There were clear challenges to continuing the group essay. In my first year of teaching the course, I found that average essays had implausibly good writing but lacked engagement with specific evidence related to the students' chosen topic. I also found hallucinated references in some essays that proved the use of AI. With some personal tinkering, I found the lack of intellectual depth in specific topics a common feature of AI. Fortunately, it remains difficult to plagiarize with AI and to write anything beyond a poor essay which gave me room for maneuver.

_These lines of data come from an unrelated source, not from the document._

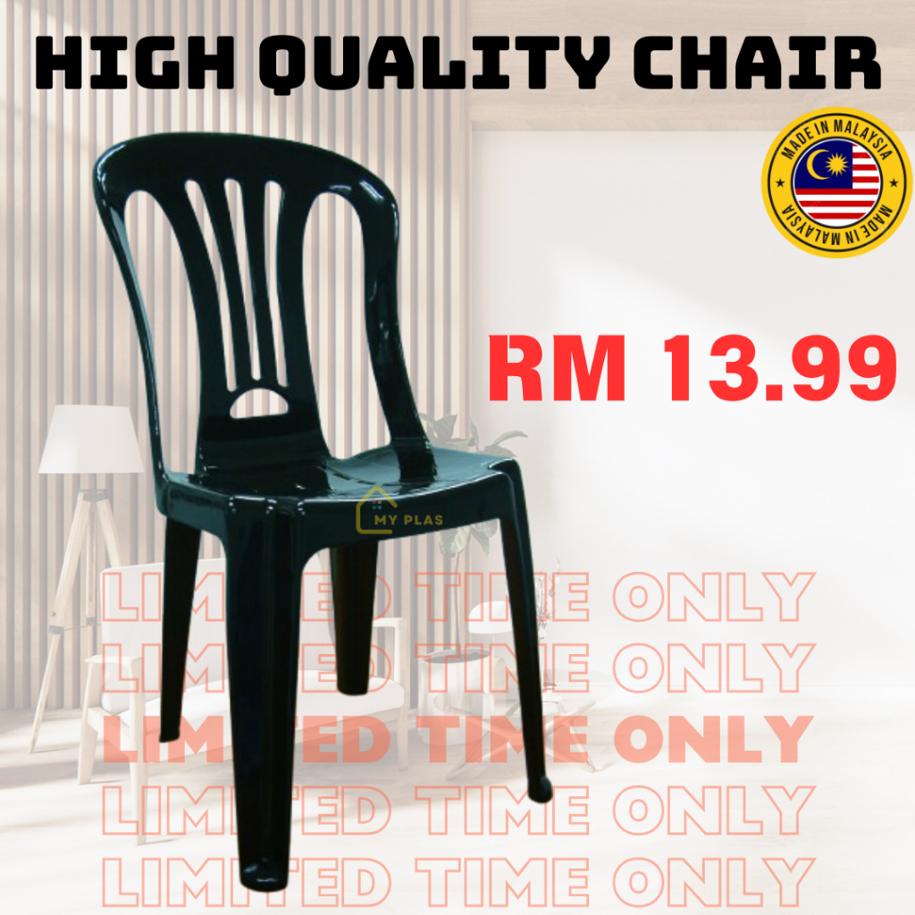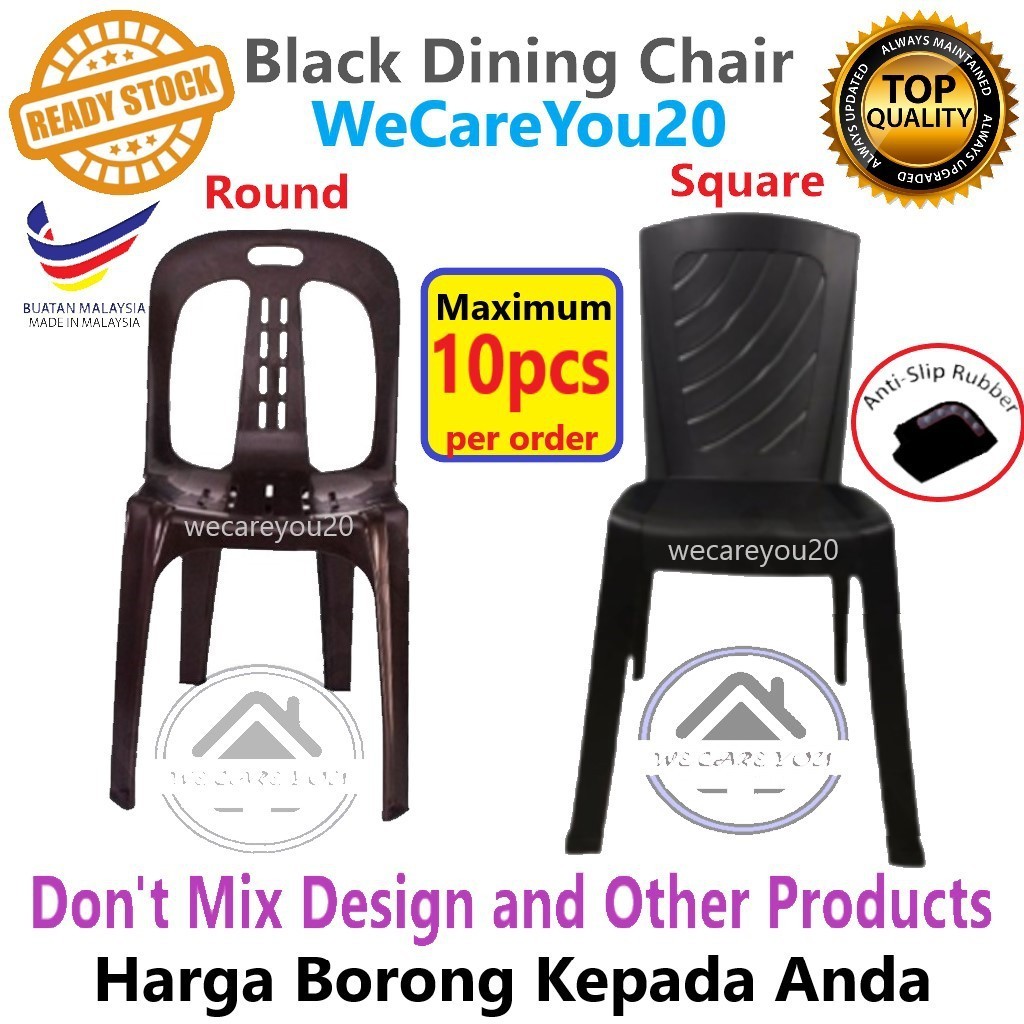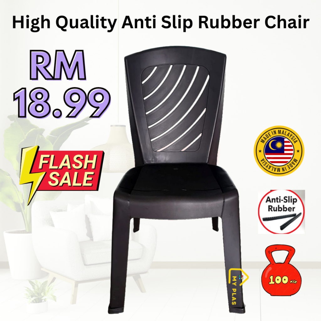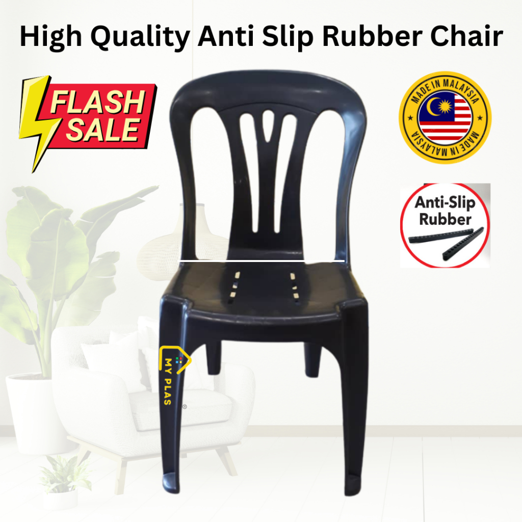 Anti Slip Plastic Chair/Kerusi Makan/Kerusi Plastik/Dining Chair/Kerusi Sandar Plastik/Black Chair with Rubber
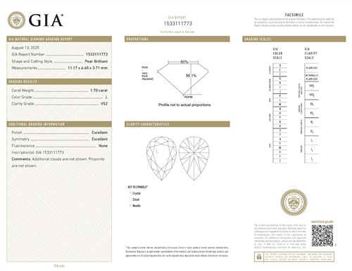 Accompanied by a GIA report (gia.edu/report-check-landing) numbered 1533111773, dated 13 August 2025, stating that the 1.70 carat diamond is natural, L colour, VS2 clarity.
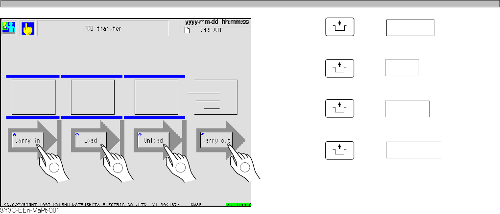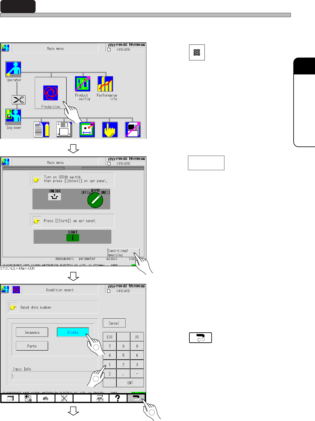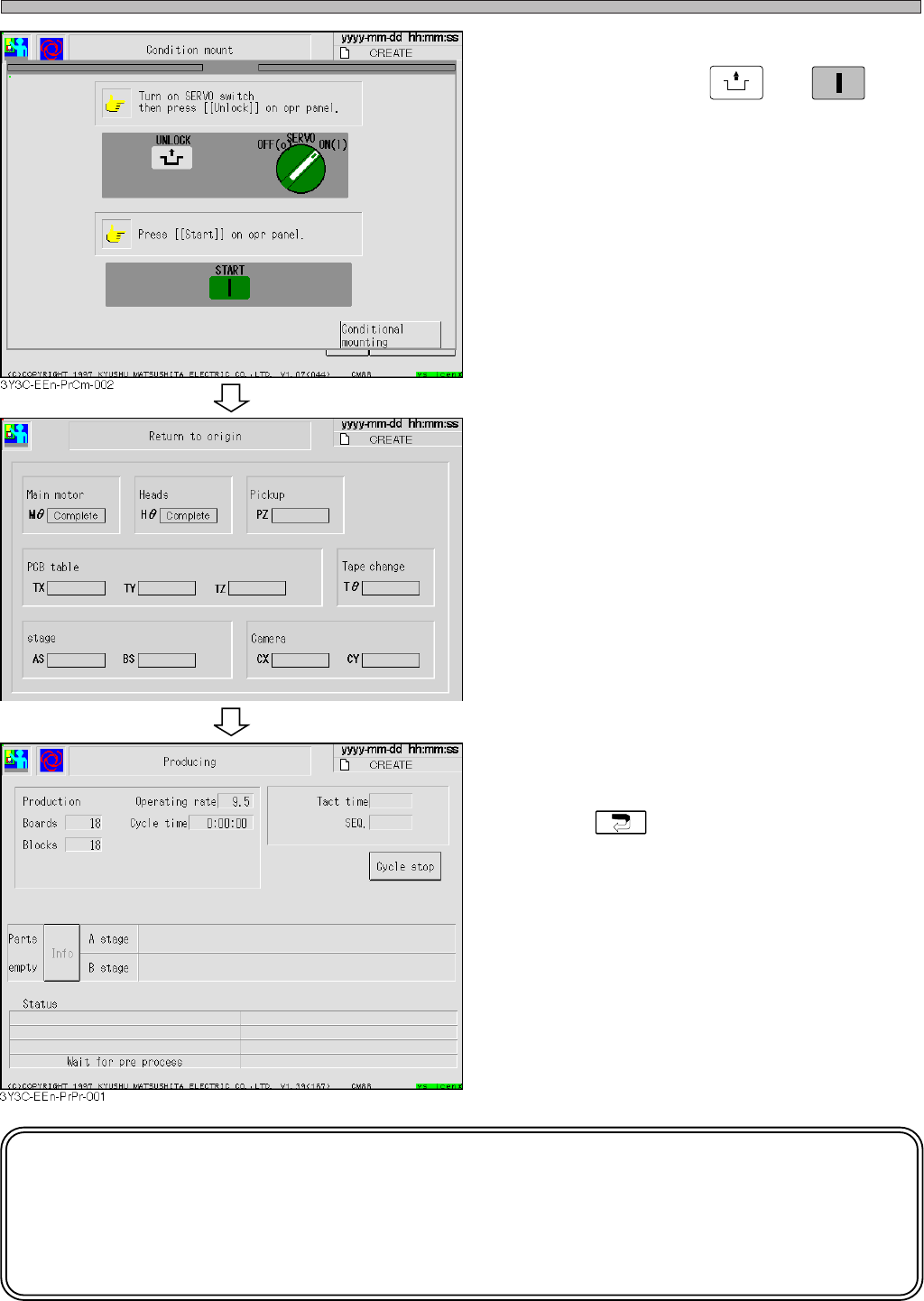 Page 3-13 CHANGING PRODUCTION BOARD 3 3-7 Checking the Mounting by Conditional Mounting Mounting by conditional mounting before starting production is checked in the following proce- dures. 1 . Press Production . • After…
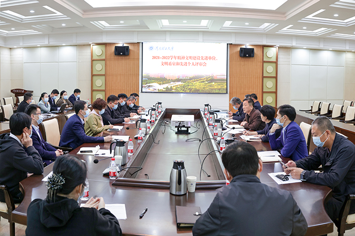 本网讯 (记者 张勐/文 通讯员 郑智源/图)10月25日上午,学校2021-2022学年精神文明建设先进集体和先进个人评审会在力行楼一楼会议室召开。校党委副书记、校文明办主任石培哲主持会议并作总结讲话,校文明办成员单位负责人参加评审会。
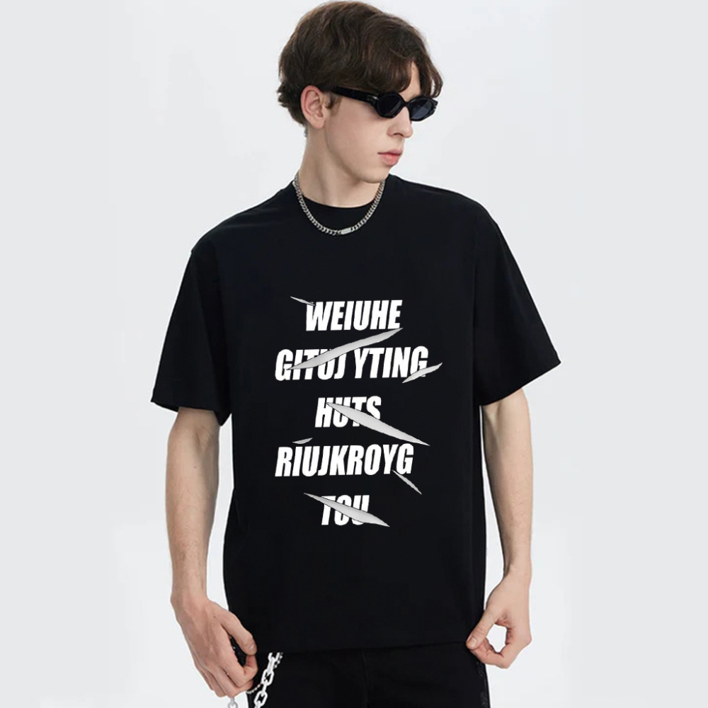 The design features a bold and eye-catching print of simplified letters, adding a unique and modern touch to the classic t-shirt. The letters are strategically placed to create a visually appealing pattern, making this t-shirt a true standout piece.
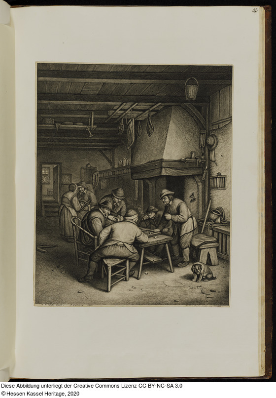 | Hist. Inhaltsverzeichnis: | 42. | Eine Trinckgesellschaft von 5 Personen an einem Tische, von denen zwey im Brete spielen; zur Seite eine Manns= und eine / Weibsperson, die miteinander sprechen; unten zur lincken: A. v. Ostade pinxit. J. Suyderhoef fecit; rechts: |

Nonetheless, I was keen to teach a course that required research-based active learning due to the benefits of learning based on use/invention of concepts rather than memory (Bain, 2021). This is especially important within the context of economics departments where research-based long-form essays constitute a shrinking share of assignments (Watts & Schaur. 2011; Harter et. al., 2021). A further benefit was to teach students AI skills that are now in demand at work among highly skilled professionals (Chatterji et. al., 2025) including among economists (Nassehi et. al., 2025). However, I received some pushback from colleagues who believed take-home assignments were redundant due to AI.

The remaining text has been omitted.